Впрочем, попытки что-то исправить случались. Если условно разделить всю историю отношений Андрея и Юноны на три этапа в свете именно этих попыток, то они выглядели так:
Этап первый (первые четыре-пять лет от начала знакомства): раскаяние, просьбы простить, попытки загладить, исправить, сделать что-то хорошее, чтобы нейтрализовать память о плохом.
Этап второй (последующие за первым лет пятнадцать): попытки «серьёзных» разговоров, которые, как уверяла Юнона, имели своей целью поправить ситуацию, но на деле в процессе того же разговора она совершала то же самое действие, которое и послужило причиной первоначального конфликта. Россиянина эта манера доводила порою до исступления. Например, произошёл конфликт по вине польки, вытекающий всё из того же «неумения разговаривать». На следующий день обе стороны вроде бы хотят исправить ситуацию и приступают к анализу произошедшего. И вот, в процессе этого разговора, который должен был привести к миру и ладу, в речи польки прорываются все те же нотки, которые и были причиной конфликта – «органчик» переключался на привычный режим.

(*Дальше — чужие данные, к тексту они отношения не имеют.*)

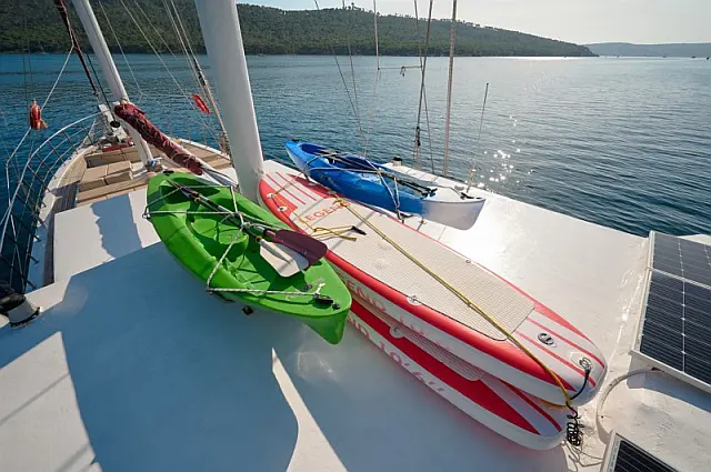 Generator , Bimini , Ice maker , Inverter , Solar Panels , Wi-Fi & Internet , Water maker , Dinghy
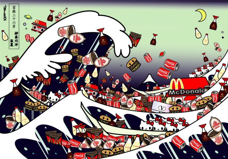 La mostra muove i passi dalla più iconica opera dell'arte giapponese, "La grande onda di Kanagawa" di Hokusai, reinterpretata qui dall'artista Tomoko Nagao. La sua versione contemporanea, intitolata “The Great Wave of Kanagawa with mc, cupnoodle, kewpie, kikkoman and kitty” è una sottile e ironica critica alla società, addolcita dall'estetica giapponese "kawaii" che rende ogni elemento carino e amorevole.
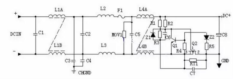 ②R1、R2、R3、Z1、C6、Q1、Z2、R4、R5、Q2、RT1、C7組成抗浪涌電路。在起機的瞬間,由于C6的存在Q2不導通,電流經(jīng)RT1構(gòu)成回路。當C6上的電壓充至Z1的穩(wěn)壓值時Q2導通。如果C8漏電或后級電路短路現(xiàn)象,在起機的瞬間電流在RT1上產(chǎn)生的壓降增大,Q1導通使Q2沒有柵極電壓不導通,RT1將會在很短的時間燒毀,以保護后級電路。
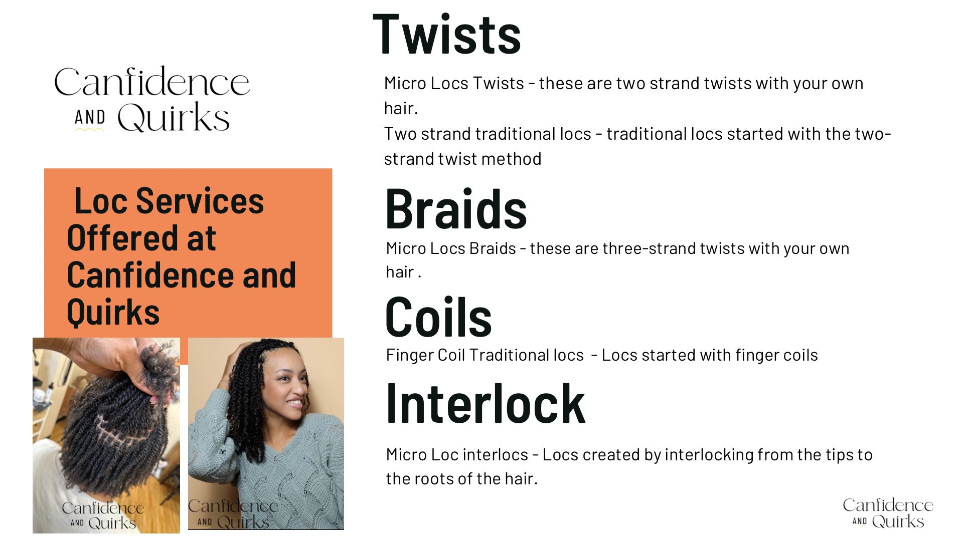 “I absolutely love my micro locs. My entire experience at Canfidence and Quirks Beauty was absolutely amazing. During my initial consultation Shay gave me all the information and options I needed to know about the micro loc journey. Prior to our consultation I felt confident that this was what I wanted. But after our conversation I KNEW that I had found the perfect person to start this journey with. She was so patient with all my questions and concerns.”
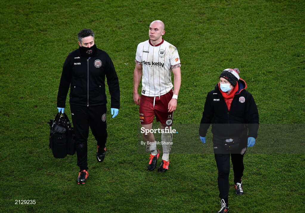 28 November 2021; Georgie Kelly of Bohemians makes his way off the pitch after picking up an injury during the Extra.ie FAI Cup Final match between Bohemians and St Patrick's Athletic at Aviva Stadium in Dublin. Photo by Ben McShane/Sportsfile
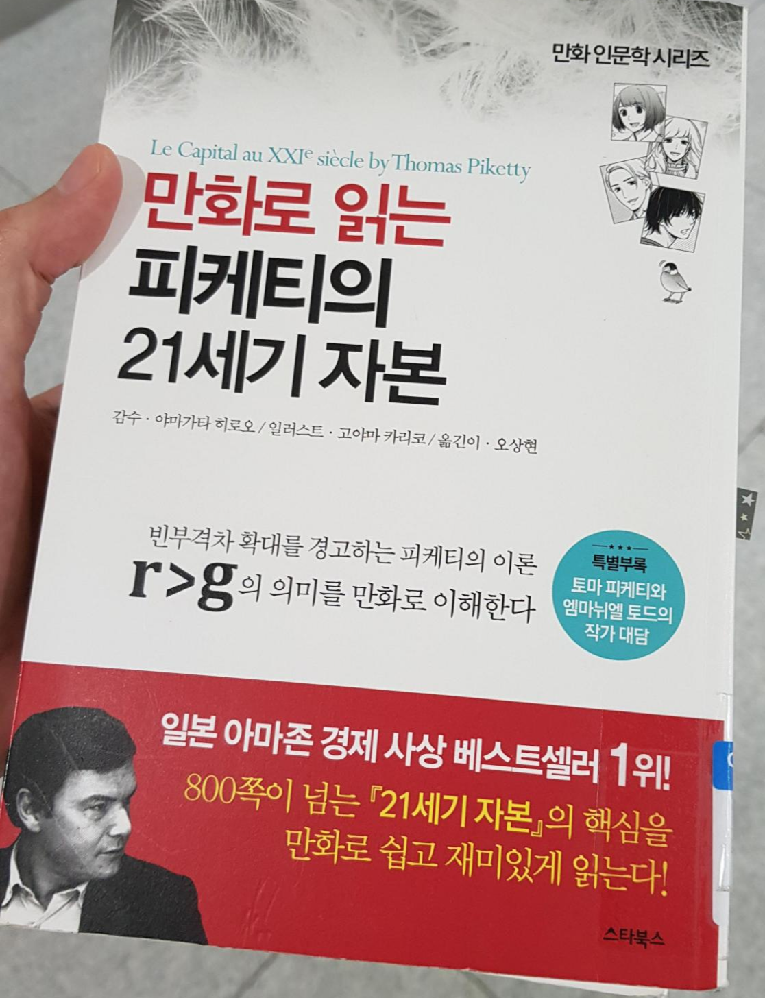 오래전 피케티라는 프랑스 학자가 발표한 21세기 자본이라는 책 따르면 자산의 증가율이 노동 수입보다 훨씬 크기 때문에 세계의 부는 시간이 갈 수록 불평등이 심각해지고 있으며, 이를 막기 위해서는 자산세를 도입해야 한다고 했던 기억이 있다. 새삼스러울 것도 없다는 생각으로 머리속 한켠에 쭈욱 밀어 두었는데, 우연히 도서관에서 관련된 만화책을 발견하고 빌려왔다.
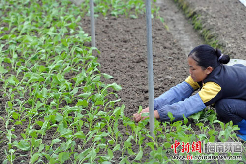海南琼海市嘉积镇的菜农在赶种蔬菜。
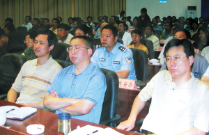 前天上午11點,記者來到科普畫廊前,找到了市民說的“睡覺照”。這是一組關于打擊非法傳銷的宣傳資料。資料包含了云南省各地打擊非法傳銷的成績展示。在這組展示中,有一幅“打擊傳銷專項行動電視電話會議”的圖片,從圖片上可以看出,這次會議是昭通市召開的。而在圖片正中間,有3人正襟危坐,中間一人雙手抱在胸前,眼睛卻是閉著的。就是這么一閉,就引來了多數市民的好奇和觀望?破债嬂忍幵谌顺奔械拇浜,經過的市民很多,不少市民駐足在櫥窗前指指點點,議論著這幅圖片。
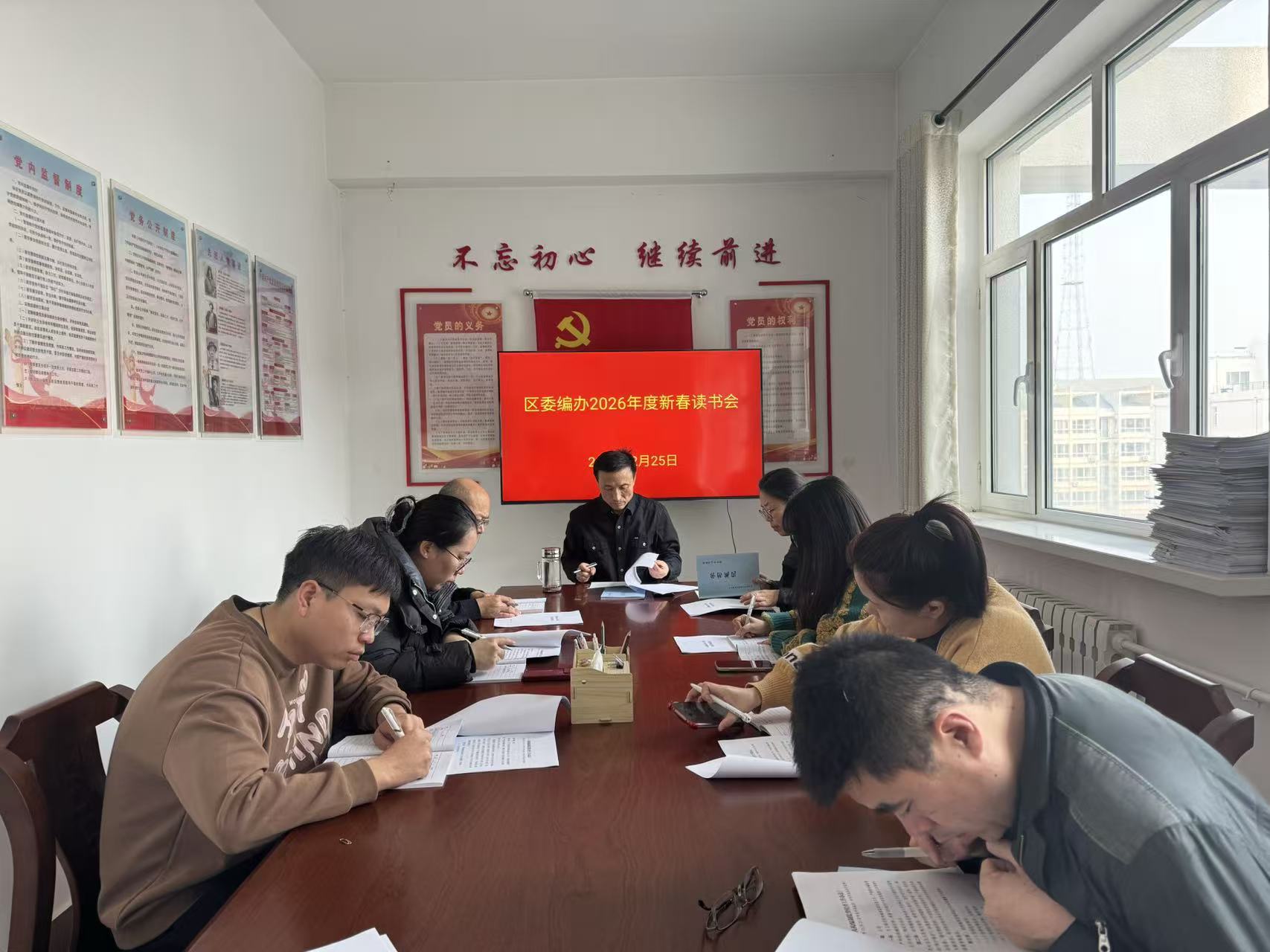2月25日,区委编办召开为期三天的新春读书会,本次读书会采取集中学习与自主学习相结合的方式,重点学习了中央和上级会议精神、法律法规、机构编制业务、意识形态、党风廉政建设、铸牢中华民族共同体意识等内容。

Именно эта особенность вызывала в памяти Андрея очень яркий эпизод из фильма «Рыбка по имени Ванда». Россиянин даже пару раз пытался ссылаться на него, указывая Юноне на абсурдность ситуации, но, как это часто бывало, его аллюзии никакого видимого впечатления на польку не производили.

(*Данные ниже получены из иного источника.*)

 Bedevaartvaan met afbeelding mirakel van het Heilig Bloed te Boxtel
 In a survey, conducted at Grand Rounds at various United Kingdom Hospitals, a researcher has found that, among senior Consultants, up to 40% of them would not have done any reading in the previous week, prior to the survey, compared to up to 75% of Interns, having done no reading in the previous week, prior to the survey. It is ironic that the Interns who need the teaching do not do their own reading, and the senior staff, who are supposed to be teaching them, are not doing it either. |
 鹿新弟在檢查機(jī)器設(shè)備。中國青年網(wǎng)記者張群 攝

А эпизод был очень подходящий к тому, что раз за разом происходило в таких «исправительных» разговорах, которые цели не достигали. В фильме один из героев – Отто, которого блистательно сыграл Кевин Клайн пришёл извиниться к ранее побитому и униженному им адвокату (в его роли Джон Клиз). И вот, в кульминационном моменте эпизода этот не владеющий собою напыщенный самец вновь набрасывается на объект извинений и происходит нечто: пиная адвоката ногами, Отто одновременно с этим понимает и помнит, что пришёл-то он извиняться за прошлое избиение. Поэтому перемежаются пинки и сокрушённое «простите меня». Пинок и «извините». Это в комедии. В жизни не было так смешно – разговоры, начавшиеся «за здравие», зачастую заканчивались «за упокой». Именно из-за того невидимого беса, который переключал в голове польки «органчик».

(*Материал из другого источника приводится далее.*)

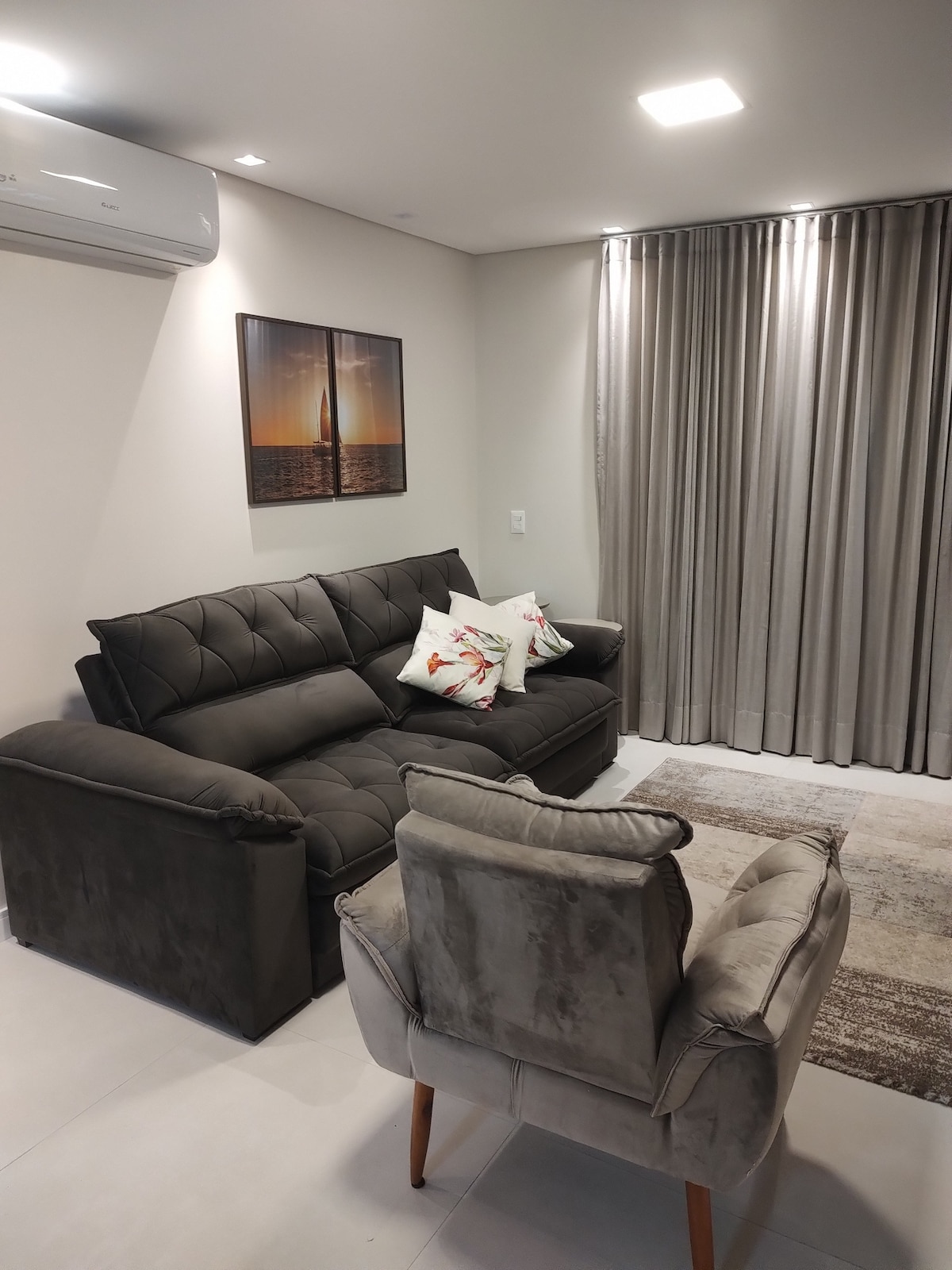 Complete apartment in the city center, close to markets, cinema, restaurants and shops. Less than 5 minutes from the sea! 😃 The apartment has a bedroom, living room, bathroom and kitchen/utility area, fully furnished and ready for use. In the living room, the apartment has a double-size sofa bed. Sea views from both the apartment and the terrace, which has a swimming pool, gym and leisure area. Also includes TV with Netflix and other streaming services (not included), barbecue and garage
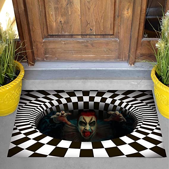 Halloween 3D Vortex Illusion Doormat, Stereo Vision Hole Natural Coir Scary Carpet for Halloween Room Decorations
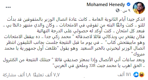 وروى الفنان محمد هنيدي ذكرياته مع الثانوية العامة، وذلك عبر حسابه الشخصي بموقع التواصل الاجتماعي فيس بوك، قائلًا: اتذكر جيدًا أيام الثانوية العامة.. كانت عادة اتصال الوزير بالمتفوقين قد بدأت للتو، وكنت واثقًا البتة من تفوقي في الامتحانات.

Второй фильм – очень любимый, кстати, Юноной – «Осенний марафон» финалом своим идеально, с точки зрения Андрея, иллюстрировал весь второй пункт, вторую глобальную проблему взаимоотношений: неумолимую и регулярную повторяемость хамских реплик или интонаций польки. «Не важно, что ты сказал. Ведь не важно, что, а КАК!». В финале этого фильма главный герой, которого играл Олег Басилашвили, вроде бы делает наконец какой-то окончательный выбор. Весь фильм был посвящён тому, как он изворачивался и разрывался между женой (Н.Гундарева) и любовницей (М.Неёлова). Причём каждая из них это понимала, и, потеряв терпение от этой перманентной лжи и безвольности персонажа Басилашвили, обе они принимают кардинальное решение: жена – уйти от него, любовница – порвать с ним. И вот он сидит – опустошённый этими враз свалившимися на него известиями. Понуро и тихо, ссутулившись, в пустой квартире. И вдруг – телефон. Звонит любовница. Решила проверить – может быть, что-то изменилось? Одновременно с этим телефонным звонком в квартиру возвращается жена (герой успел сказать ей перед расставанием, что с любовницей «всё закончено») – она также с надеждой спрашивает: «У тебя правда там – всё?». И в этот момент герой Басилашвили возвращается к тому же двуличному способу поведения... Крупным планом лица любовницы и жены – они обе понимают, что ничего, ровным счётом ничегошеньки не изменилось.
Андрей пытался примером из «Осеннего марафона» воздействовать на восприятие польки. Но... эффект был нулевой. Волшебная сила искусства тут не подействовала.

Этап третий (последние лет пять): когда Юнона вовсе перестала извиняться или пытаться что-то исправить. А если и извинялась, то произносила это таким равнодушно-бесцветным тоном, что могла бы и не извиняться.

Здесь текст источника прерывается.